1791 novel by Charlotte Smith

Celestina is an eighteenth-century novel by English poet Charlotte Smith, her third. Published in 1791 by Thomas Cadell, the novel tells the story of an adopted orphan who discovers the secret of her parentage and marries the man she loves. It is a courtship novel that follows the typical Cinderella plot while still commenting on contemporary political issues.

Celestina is a satire of traditional English class and gender assumptions, particularly the idea that nobility is connected to rank or wealth. The heroine's worth lies in her "enlightened human soul"; she is valuable in and of herself. As a model for young readers, Celestina was liberating—she was independent and assertive. While Celestina is a heroine of sensibility who relies on her feelings to develop sympathy for others, it is the hero, Willoughby, who is the most sentimental of all, reversing the stereotypical association of strong emotions with femininity. In this novel, it is the women who remain strong and the men who are prey to their feelings.

Throughout the novel, Smith included portraits of herself and her husband. Readers were interested in her personal story and bought her works to discover what was happening in her life, therefore she included barely disguised autobiographical details in the novel.

The novel was well received by reviewers and eventually ran to four editions during the 1790s; however, the novel was not published again until the 2000s. Jane Austen, who read Smith's novels as they were published, responded to her description of sensibility with Sense and Sensibility.

==Plot summary==
An orphaned Celestina is adopted from a convent in the south of France when she is a young girl by Mrs. Willoughby—nothing is known of her parentage. Celestina is raised along with Mrs. Willoughby's own children, Matilda and George. The children grow up happily. Mrs. Willoughby dies early in the novel, urging George to marry her brother's (Lord Castlenorth) daughter, Miss Fitz-Hayman, so that the family estate can be saved from financial ruin. Matilda marries Mr. Molyneux, becoming ambitious and haughty. She begins to despise Celestina and refuses her company.
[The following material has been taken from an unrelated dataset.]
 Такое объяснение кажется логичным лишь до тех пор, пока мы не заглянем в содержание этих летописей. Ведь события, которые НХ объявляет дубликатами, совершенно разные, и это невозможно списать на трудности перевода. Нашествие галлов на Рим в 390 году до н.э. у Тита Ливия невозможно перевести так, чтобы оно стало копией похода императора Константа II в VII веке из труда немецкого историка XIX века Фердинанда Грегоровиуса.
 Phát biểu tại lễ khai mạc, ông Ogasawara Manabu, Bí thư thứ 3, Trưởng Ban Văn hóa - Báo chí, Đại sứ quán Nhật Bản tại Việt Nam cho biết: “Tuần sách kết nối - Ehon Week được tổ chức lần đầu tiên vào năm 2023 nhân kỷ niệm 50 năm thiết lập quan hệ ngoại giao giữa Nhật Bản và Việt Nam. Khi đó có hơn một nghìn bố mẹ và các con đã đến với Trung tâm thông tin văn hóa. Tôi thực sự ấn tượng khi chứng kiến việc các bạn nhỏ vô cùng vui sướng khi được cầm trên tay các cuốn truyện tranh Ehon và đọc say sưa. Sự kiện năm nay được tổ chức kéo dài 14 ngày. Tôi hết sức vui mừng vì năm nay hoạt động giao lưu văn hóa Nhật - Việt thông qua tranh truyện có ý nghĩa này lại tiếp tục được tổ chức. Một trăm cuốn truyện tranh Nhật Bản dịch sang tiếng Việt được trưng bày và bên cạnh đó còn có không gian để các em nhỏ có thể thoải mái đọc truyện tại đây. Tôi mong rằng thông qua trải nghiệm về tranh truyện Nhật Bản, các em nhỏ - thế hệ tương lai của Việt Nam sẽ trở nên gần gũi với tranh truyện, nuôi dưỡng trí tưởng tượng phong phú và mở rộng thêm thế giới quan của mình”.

Celestina becomes friends with a servant named Jessy and helps reunite her with her lover, Cathcart, who is George Willoughby's steward. Willoughby and Celestina discover that they love each other and decide to marry, despite the monetary impediments. Vavasour, Willoughby's friend, also becomes enamored of Celestina; he flees before the wedding. Unfortunately, on the evening before the marriage, Willoughby suddenly takes off and it is unclear whether he will ever return – Celestina is devastated.

Celestina moves in with the Thorolds, the local rector and his family, after Willoughby abandons her. Their son, Montague, develops an ardent attachment for her and she decides to leave to escape his overtures. Believing that Willoughby will eventually marry Miss Fitz-Hayman, Vavasour becomes an importunate suitor of Celestina, along with Montague. She is harassed. Willoughby reveals in a letter that Lady Castlenorth suggested to him that he and Celestina are brother and sister, and therefore cannot marry. He has therefore determined to go to France and discover the truth.

Celestina leaves the Thorods and tours Scotland with Mrs. Elphinstone, a relative of Cathcart and Jessy. Her life has been full of struggles. Her sister, Emily, became a "kept" woman and Mrs. Elphinstone was forced to accept money from her while she was poverty-stricken. Her husband dies in a tragic storm at sea while they are in Scotland. Montague pursues her Celestina to Scotland.

Celestina flees Scotland for London, establishing herself at Lady Horatia's. Lady Horatia encourages her to marry someone other than Willoughby. Willoughby returns to London, but because of miscommunication and interference of other parties, both he and Celestina believe the other is no longer interested. Willoughby agrees to marry Miss Fitz-Hayman to save his family's estate, but at the last minute he decides not to go through with it and she marries someone else. In the meantime, Montague and Vavasour duel over Celestina.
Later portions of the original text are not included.